May I ask why "boiled" is your personal favorite....what imagery does that bring to your mind... I am only curious...


----------



## mark_schaeffer (Mar 16, 2017)

Firemajic said:


> May I ask why "boiled" is your personal favorite....what imagery does that bring to your mind... I am only curious...


_
blanched, puffy, edges turned up, wrecked, aged _ - I like when I find a word that transgresses expectations - it's like those math theorems where you pull something in that feels totally tangential to lock down a seemingy linear and elegant argument


----------



## mark_schaeffer (Mar 16, 2017)

Ariel said:


> Murmured would be better than hummed.



I wish it were that easy. Looking for a word that captured my father's shock and discomfort. Lots of hours in on this one. Hummed is crap but so is going without sleep.


----------



## Firemajic (Mar 16, 2017)

mark_schaeffer said:


> _
> blanched, puffy, edges turned up, wrecked, aged _ - I like when I find a word that transgresses expectations - it's like those math theorems where you pull something in that feels totally tangential to lock down a seemingy linear and elegant argument




Well of course I LOVE it, when a poet uses an ordinary, mundane word in a new, unique way... almost like giving that word a new meaning... it is, for me, the essence of creativity... taking a good poem to the sublime..


----------



## Ariel (Mar 16, 2017)

Considering the ensemble I would have been shocked and horrified too.

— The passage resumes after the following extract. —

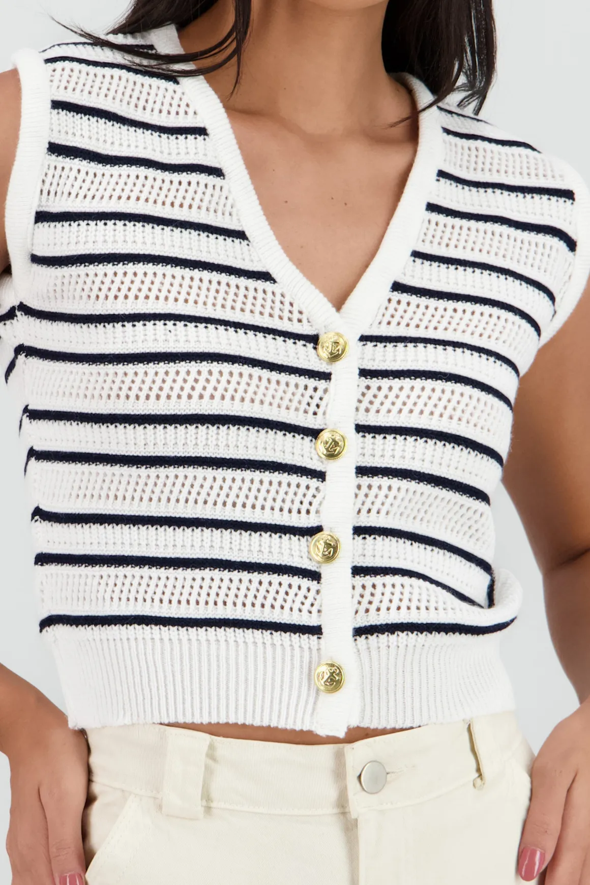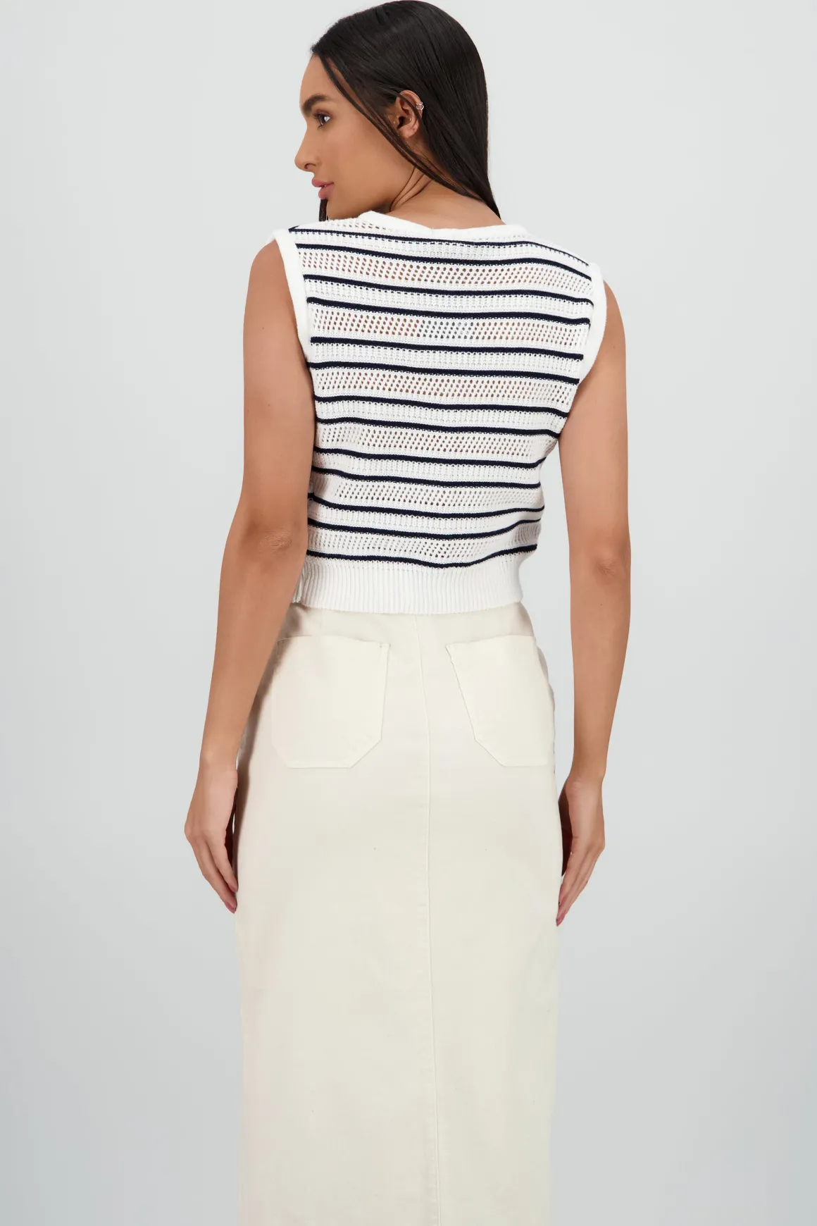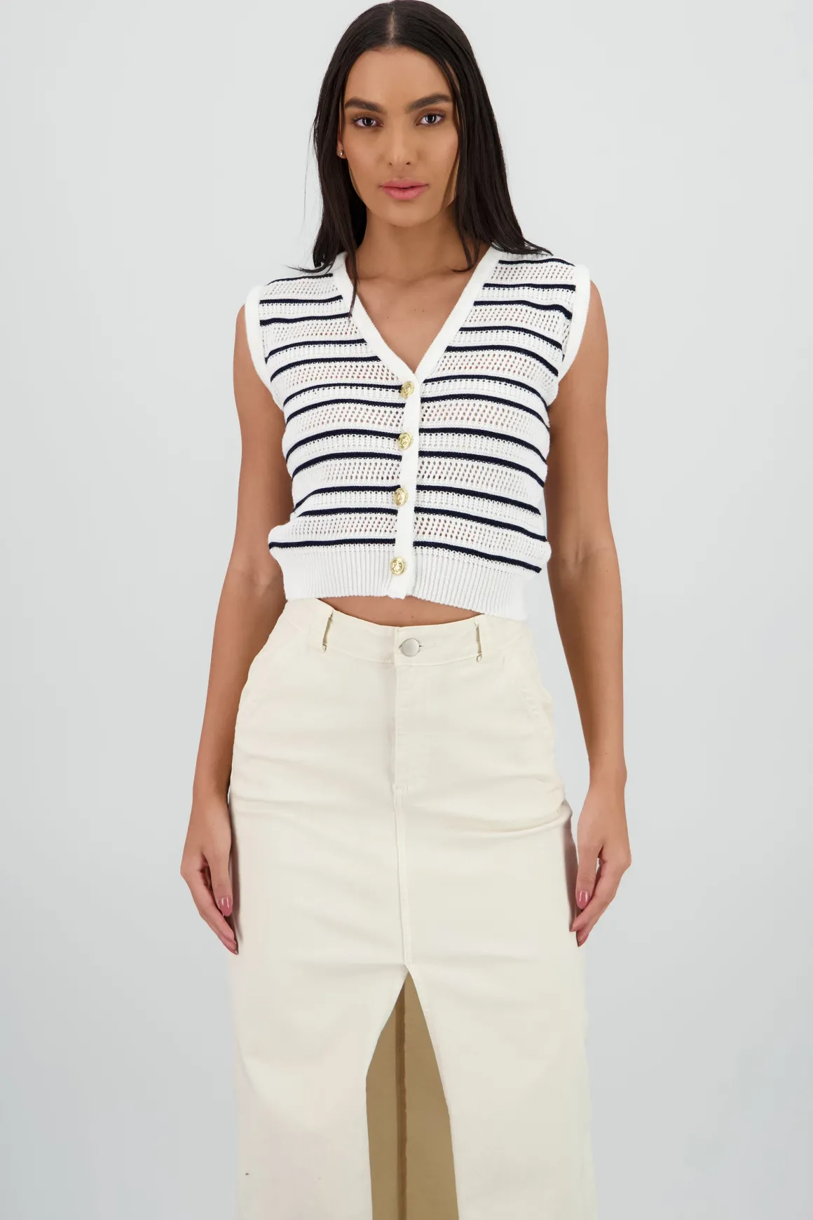 Chaleco tejido de punto con diseño de rayas, corte ceñido y versátil.

Consider that humming is a happy sound when produced by humans. It's something we do when we're pleased.


----------



## mark_schaeffer (Mar 16, 2017)

Ariel said:


> Considering the ensemble I would have been shocked and horrified too.
> 
> Consider that humming is a happy sound when produced by humans. It's something we do when we're pleased.



Well he realized this was the first dance I had ever gone to and he was trying to be supportive as well.


----------



## Ariel (Mar 16, 2017)

I'm thinking you are too emotionally invested to workshop this piece. I suggest setting it aside and letting it rest. Unfortunately, in workshop, you're going to be told to kill your darlings and your reactions have informed me that you aren't ready for that with this piece.


----------



## mark_schaeffer (Mar 16, 2017)

Ariel said:


> I'm thinking you are too emotionally invested to workshop this piece. I suggest setting it aside and letting it rest. Unfortunately, in workshop, you're going to be told to kill your darlings and your reactions have informed me that you aren't ready for that with this piece.



Hold the phone -

Obviously not shown: coming downstairs
for the first hop in gold blazer,
plaid shirt, red vest & white tie.
“At least take one piece off,” my father *tooted*.


----------



## Firemajic (Mar 16, 2017)

TOOTED????[-(......................ale:


----------



## mark_schaeffer (Mar 16, 2017)

Firemajic said:


> Under sudden fronds, I lasted thirty seconds.*** another line, I am not sure how it serves your message...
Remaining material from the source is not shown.